So you didn't "accidentally" hire people. You did it with a lack of foresight. To me, that's different.
Saying you accidentally hired people makes it sound softer than it really is. If Raytheon or Boeing hired 2,000 people ahead of a defense contract they were sure they'd get, and didn't that wouldn't be an "accident." That would be poor planning (counting your eggs before they hatch kind of thing.)
Either way, I don't really care either way about Zynga. I don't think I've ever played their games, but at the same time I'm not hoping they fail.
You are a middle manager. Do you say "bob in the other department hired 5 people, so I guess I'll stick with the three I have"? Nope. You go straight to your VP and say a rival VP just got five guys, where's mine. If hiring is decentralized and no one is concerned about costs you end up growing exponential.
That sounds like what would happen at Strawman, Inc. I've worked at a bunch of companies, big and small, and have never seen hiring justified like that.
Now, getting people and teams transferred once they are hired? That's a whole different story.

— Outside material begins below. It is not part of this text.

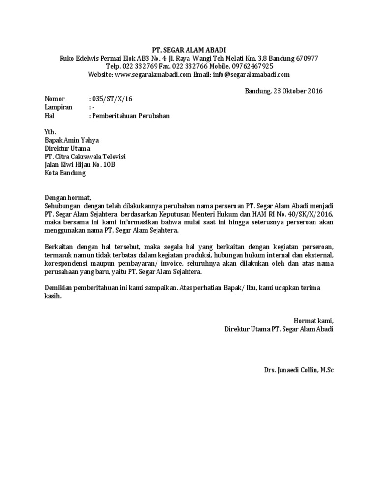 Contoh Surat Pemberitahuan Ganti Nama Perusahaan My First Jugem

Then the VP is not doing his/her job correctly. Someone needs to be aware of the budget for salaries and be responsible for ensuring it isn't exceeded (and held accountable if it is).
It's also very backwards (government-level!) thinking to be playing the hiring quota game like that. I'd much rather hire a few members in a kick-ass team than participate in a headcount battle.
I could see two people both hiring a janitor without realizing it, but not "accidentally" hiring a lot of developers, designers or whatever else.